Luke Graham: The tiered system should be scrapped
April 16, 2012
Steamboat Springs — The Steamboat Springs High School boys lacrosse team picked up its 39th consecutive Mountain Conference win Thursday.
The conference title, its fourth in as many years, means the Sailors are headed back to the state playoffs. The consensus seems to be that this is the deepest and most well-rounded team Steamboat has ever fielded.
Lacrosse is probably the most popular non-winter sport there is in town. The 75 players that are out for it this season are the most of any sport at the high school.
It's also a Tier 2 sport.
What does that mean? Nearly every high school sports related question I've had has to do with the tiered system at Steamboat.
The discussion has come up again recently, with the transportation budget for high school sports looking at a $30,000 deficit. Athletic Director Luke DeWolfe presented a proposed budget to the Steamboat Springs School Board that would make Tier 2 sports self-funded. It was like this as recently as the 2007-08 school year.
But each person knows what has happened economically since then. Fundraising opportunities and donations countywide have been reduced by an economic downturn.
The tiered system has never been quite understood, nor have the impacts of it ever been figured out.
"If we start funding (all activities) and we run into tough financial times, how do we fund this?" former Superintendent Donna Howell asked in 2006. "It's a very complicated issue. It has to be thought through carefully."
To make up for it, in the interim at least, the district should find somehow to make up the $30,000 this year.
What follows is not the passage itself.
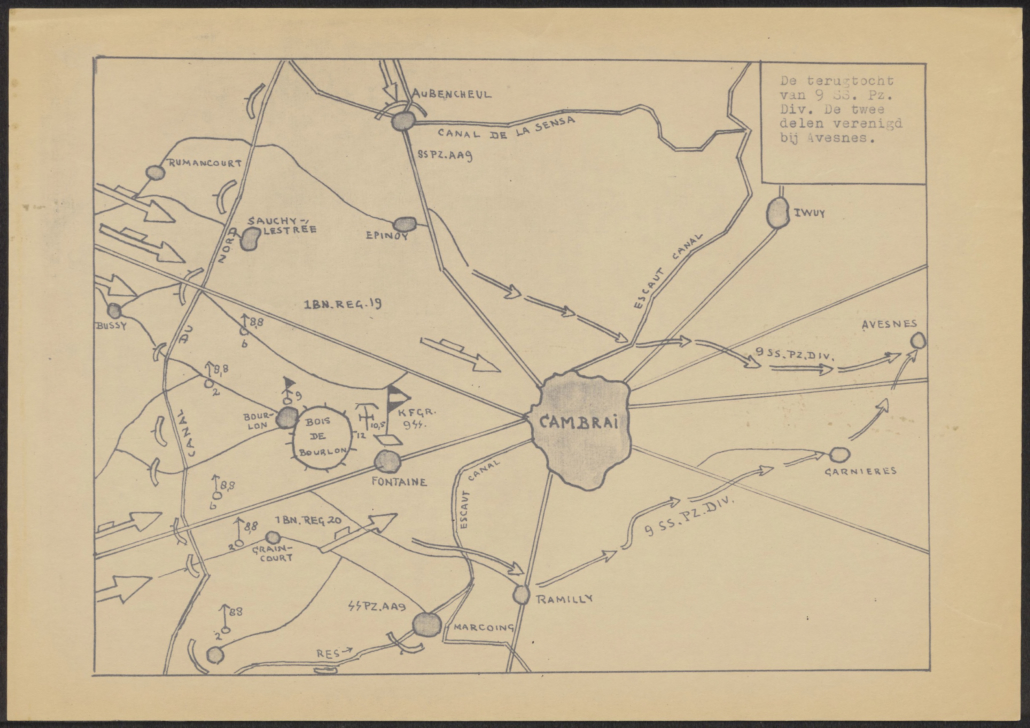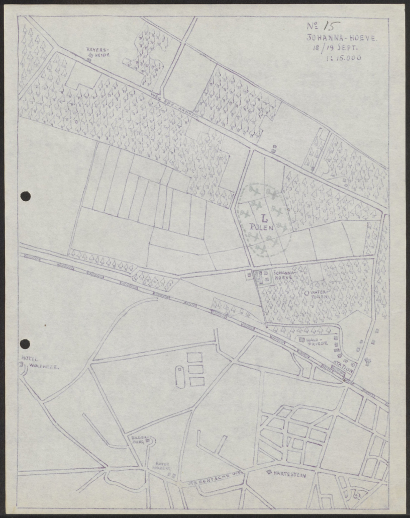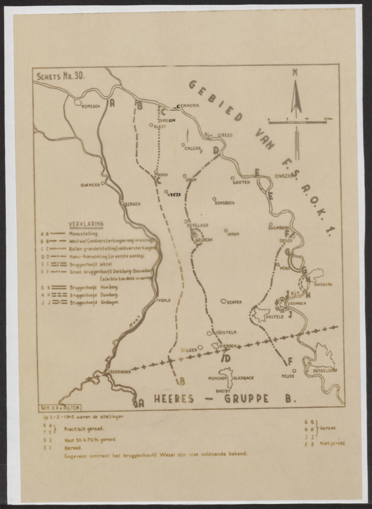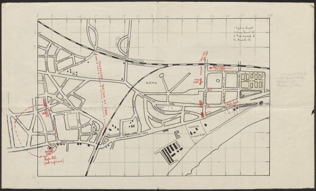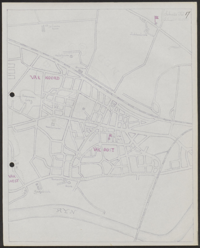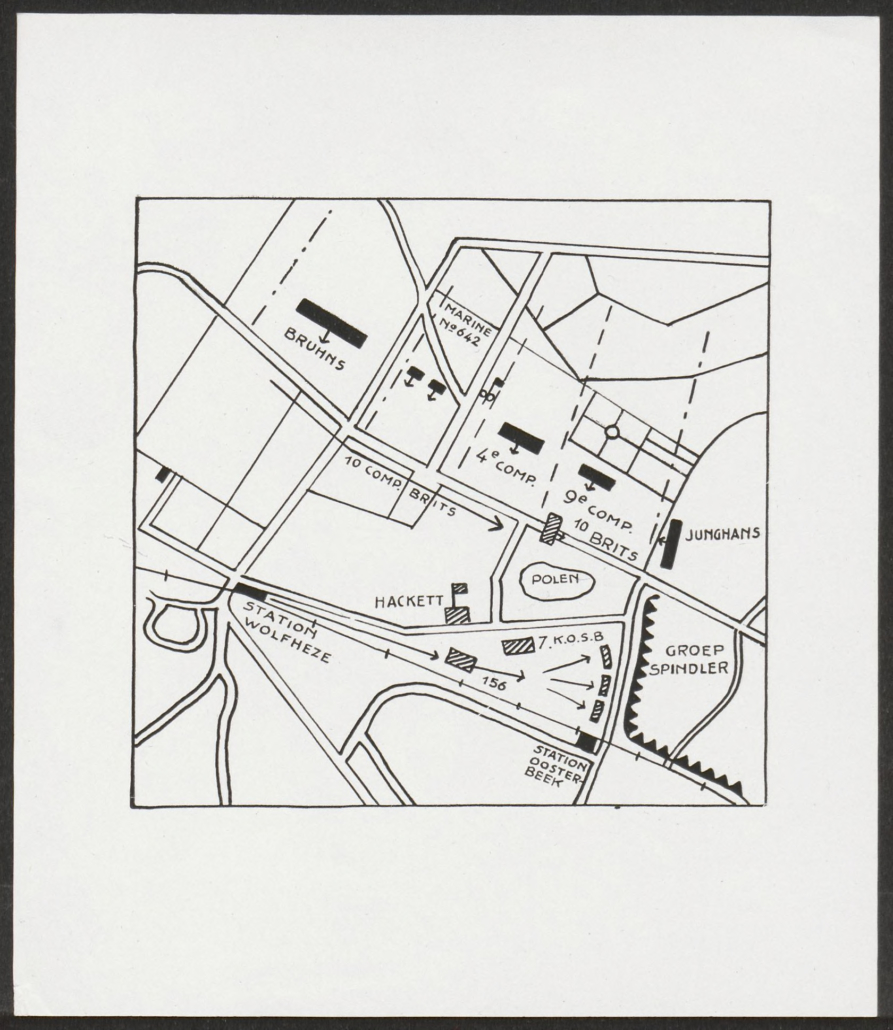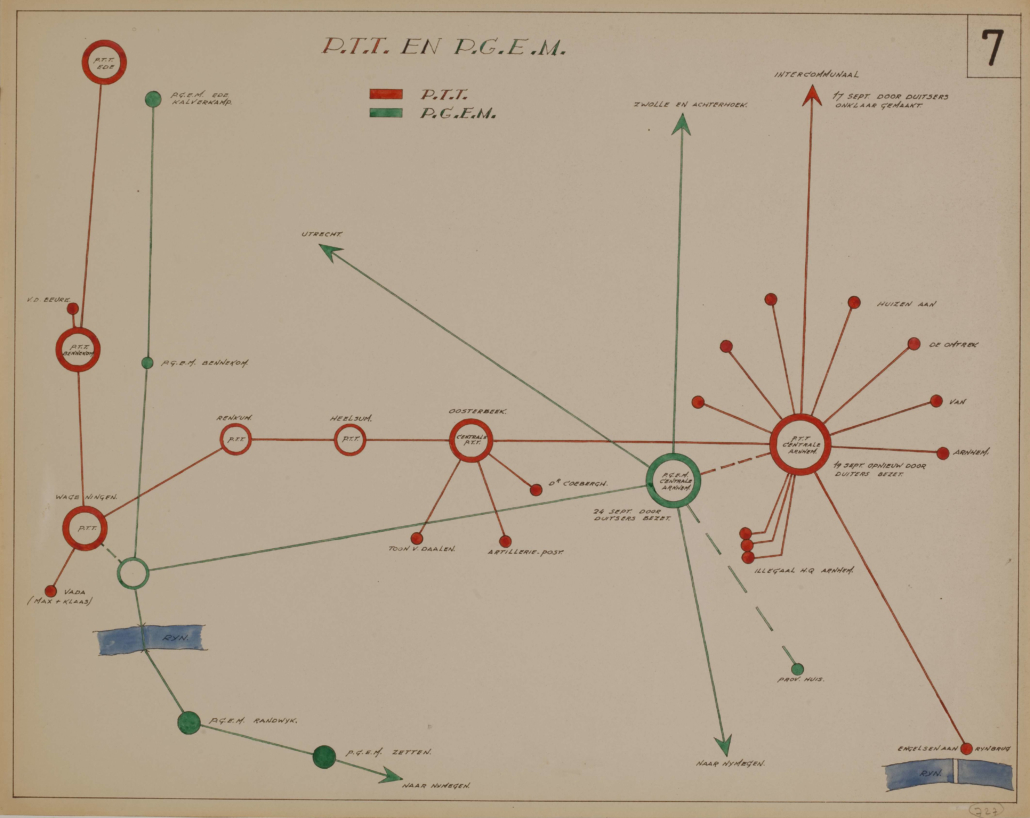 N.B. Kopieën van 23 door Boeree eigenhandige gemaakte kaarten (kwarto-formaat) waarop de troepenbewegingen en posities tijdens de belangrijkste fasen van de Slag om Arnhem zijn ingetekend. Een aantal van de hier beschreven schetsen heeft gediend als basismateriaal voor de grotere formaten die Boeree maakte met het oog op lezingen (zie nr. 52) en voor de calques met bijbehorende lichtdrukken die door de Arnhemse Dienst van Gemeentewerken zijn vervaardigd (zie nr. 53). Vgl. ook de nrs. 3c en 3e van dit overzicht.Kaarten van Boeree

From there, the tiered system needs to be abolished. It's tough to justify naming one sport a Tier 1 and one a Tier 2 when the reasoning is because that's the way it has been for years. Similarly, the split among Tier 1 athletes and Tier 2 athletes is close to 50-50.
There have been several ideas brought to the table. One is making Tier 2 sports all self-funded.
That would be tough and eventually would leading to a survival of the fittest type of scenario. These teams would battle for fundraising with the strong surviving and the weak eventually being eliminated.
Some people have said activities fees should be raised across the board so the deficit is spread among all the teams. This could decrease participation numbers.
Some say cut freshmen teams or have travel restrictions with teams.
Some say cut entire teams.
All are interesting ideas.
But the tiered system needs to end. It officially was labeled a tiered system almost 20 years ago.
A lot has changed since then. Education, athletics and the way they are funded have rapidly developed.
The good news is all involved seem to be on the same track. It sounds like a committee of educators, coaches and community members soon will be tasked with not just band-aiding the situation but trying to find a long-term solution.
This group should start by abolishing the tiered system.